ChIP and ChIP-seq analysis

For Figure 3, strain BY4741 was used. For nuclear depletion of Rpb1 (YSB3202) or Bdf1 (YSB3323) in Figure 6, the Anchor Away system (Haruki et al. 2008) was used, with 1 µg/mL rapamycin added for 1 h to cells containing the appropriate FRB fusion. Cells were grown to OD600 = 0.5 and then cross-linked with 1% formaldehyde for 20 min at room temperature. Cross-linking was stopped with 125 mM glycine for 5 min, and cells were collected and washed. Sheared chromatin (100∼300 bp) was prepared using a Misonix Sonicator 300 with cup horns.

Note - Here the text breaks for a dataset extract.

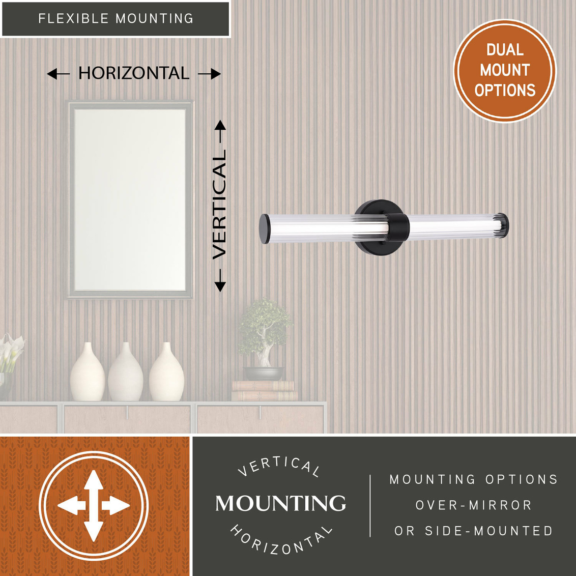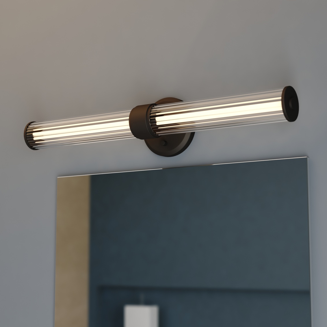 Keyword:Bath Bathroom Bar Light Black Clear Contemporary Damp Dimmable Fixture Glass Horizontal LED Compatible Lighting Matte Metal Mount Over Mirror Ribbed Sconce Shades Transitional Vanity Vertical Wall

Cross-linked chromatin was precipitated by standard methods with specific antibodies against Taf1 (provided by Joe Reese, Pennsylvania State University), Spt15 (TBP), H3 (Abcam, ab1791), or H4ac (Millipore, 06-598). Libraries for multiplex sequencing were generated as described previously (Wong et al. 2013) and sequenced on an Illumina 2500 machine by the Harvard Bauer Center Genomics Core Facility. Sequenced reads were aligned to the yeast S288C reference genome (http://www.yeastgenome.org, with annotations provided by Burak Alver, Harvard Medical School) using Bowtie 1 (Langmead et al. 2009). MACS (version 2) was used to visualize peaks from sequence read distribution (Feng et al. 2012). Custom Python scripts for analyzing and graphing data (from L. Soares) are available at https:// github.com/Buratowski/NGS. Data have been deposited in Gene Expression Omnibus (GEO; accession no. GSE94851). In order to reanalyze genome-wide occupancy, raw data for TFIIB (Wong et al. 2014), Taf1, Bdf1 (Rhee and Pugh 2012), Htz1 (Gu et al. 2015), and Swr1 (Yen et al. 2013) were adapted and reanalyzed in parallel as above (GEO accession nos. SRR1197807 [TFIIB], SRR396796 [Taf1], SRR397550 [Bdf1],SRR1118262 [Htz1], and SRR948403 [Swr1]).

In vitro transcription

In vitro transcription was performed as described (Sikorski et al. 2012). After preincubation of template and extract, NTPs were added for 3 min for single-round transcription and for 45 min for multiround reactions. For the two-step transcription analysis in Figure 5, NTP preincubation was performed as in the immobilized template-binding assay as described above, except Gal4-vp16 was not added. Template 1, shown in Figure 1A, was incubated with wild-type or taf1 or taf11 mutant extract and unlabeled NTPs for 30 min. Beads were then washed three times in 200 µL of wash buffer. For the second reaction, template 2 (pG5CG-D2 from Pardee et al. 2003), ∼1.5 mg of wild-type yeast nuclear extract, and 32P-labeled NTPs (250 µM ATP, 250 µM CTP, 10 µM UTP, 1.2 µCi of 32P-labeled UTP) in 240 µL of 1× transcription buffer were added to the template 1-bound beads. At each indicated time point, 60 µL of the mix was collected, and the reaction was stopped with 200 µL of RNase T1 mixture (1000 U; Thermo Scientific). Transcripts were recovered and analyzed by standard gel electrophoresis, autoradiography, and phosphorimager.